Round 2 qualitative work sought to capture reasons women chose to attend or not attend group ANC and PNC visits, as well as soliciting suggestions to strengthen the program. Once sites were identified, the study team generated a list of women whose expected delivery date had passed and how many group visits she had attended. Field Coordinators invited women to attend FGDs by phone or by asking CHWs to contact them in person. Attempts were made to organize women into groups of high or low attenders, although this effort was not successful as most individuals had incomplete study records at that time.
Analysis and interpretation
After completion of data collection, audio files were transcribed verbatim and cleaned by members of the research team. During round one data analysis, all FGD notes (including all verbatim quotes) were organized into thematic areas with Atlas. Ti software using a content analysis approach. Transcripts and field notes were aggregated from individual to district level and grouped to highlight themes, concepts, convergence, and diverse responses. Aggregate data were reviewed by several members of our research team (AM, BNR, DN, SM, TL) to identify key findings related to the study objectives. Representative, verbatim quotes were selected to illustrate key findings and translated from Kinyarwanda to English for results dissemination. In Round 2, transcripts were translated from Kinyarwanda to English by a professional translator. Data were organized manually into thematic areas following content analysis approach by TL and reviewed by AM and SM.
Ethical approval for both rounds was granted by the Rwanda National Ethics Committee and University of California, San Francisco Institutional Review Board. A written informed consent was obtained from each participant prior to starting the FGD. Participants were given the opportunity to read the consent form in Kinyarwanda and illiterate participants had it read to them by a witness.
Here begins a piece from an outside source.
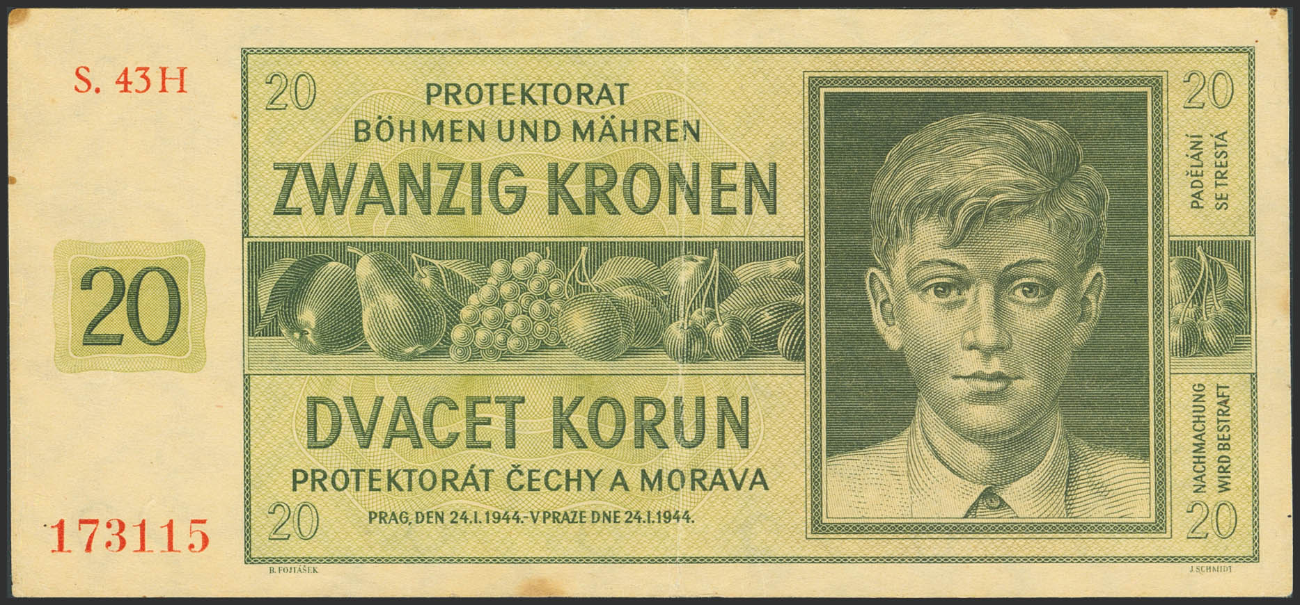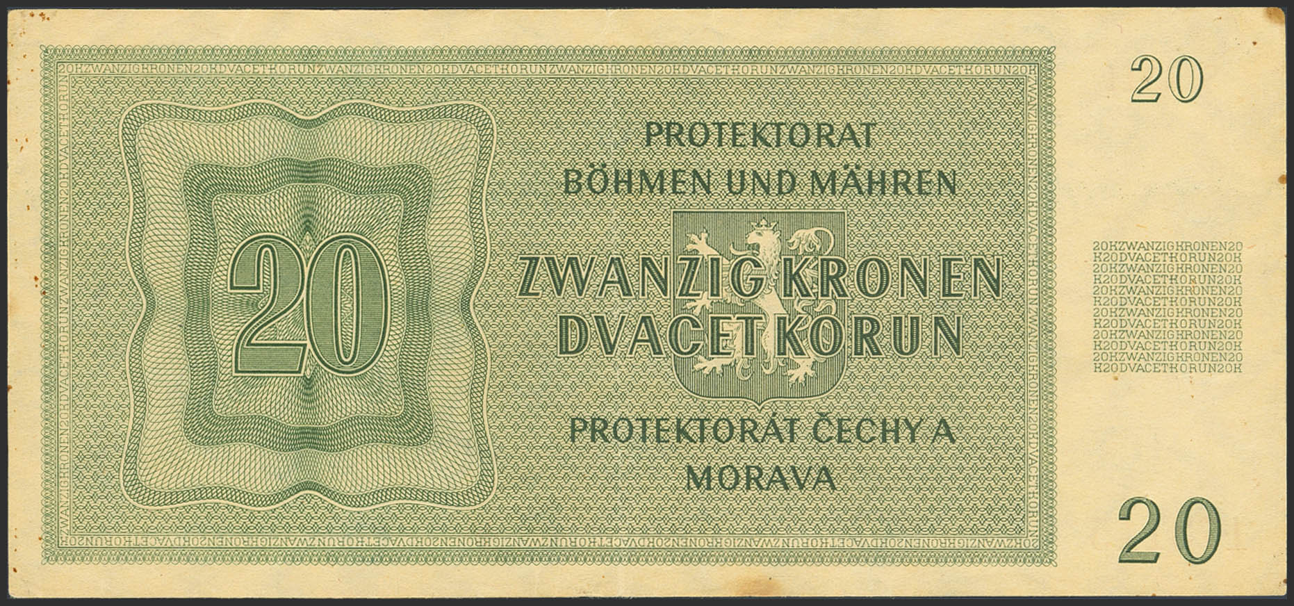 BOHEMIA AND MORAVIA. 20 Korun. 24 January 1944. (Pick: 9a). Less than Extremely Fine.

Only participants who agreed to participate and signed the consent form were invited to join the FGDs. Moderators obtained permission from study participants to record the conversation and voluntary participation was ensured throughout the study. All information was kept confidential and personal identifiers were not recorded on audio and written files.
Resulting themes are organized into those that emerged from the pre-implementation phase of data collection, and those that emerged from data collection at the mid-point of the group ANC and PNC trial. A summary of these themes and sub-themes appears in Table 1.
Before implementation of group ANC and PNC
Group ANC may offer advantages for pregnant women
Before group ANC and PNC were implemented, women anticipated multiple potential benefits of participation of this alternative model of care, including increased social cohesion, learning from the experiences of their peers, and ease of expression. The verbatim quote below reveals that women do not always get answers to their health-related questions in the individual model of care, and that they are better able to learn and solve health-related problems by participating in group care.
You can have a problem and then you try to resolve it but you don’t get the solution. But as we will be in group, you can share that problem with your group members who may advise you. Especially when you come for ANC, you have so many questions to ask; and when you want to ask to the healthcare provider, they don’t have enough time to answer. (Burera district, YW P7)
FGD participants hypothesized that group sharing could help women “open up” about questions and concerns with a resulting increase in health education.
The advantage of the groups is that sometimes women who go for ANC for the first time are afraid to tell everything to the healthcare provider due to ignorance but when she is with other women in groups, she tells them her problems and they advise her. (Burera district, W P12)
Fear of sharing personal information
Enthusiasm for the group care model was tempered by the impulse to protect one’s privacy.
All people don’t have the same understanding. When you are alone with the healthcare provider, you tell them many things so that they may help you but when you are with many people, you hide some of the things relative to your disease and how you feel. (Bugesera district, W P6)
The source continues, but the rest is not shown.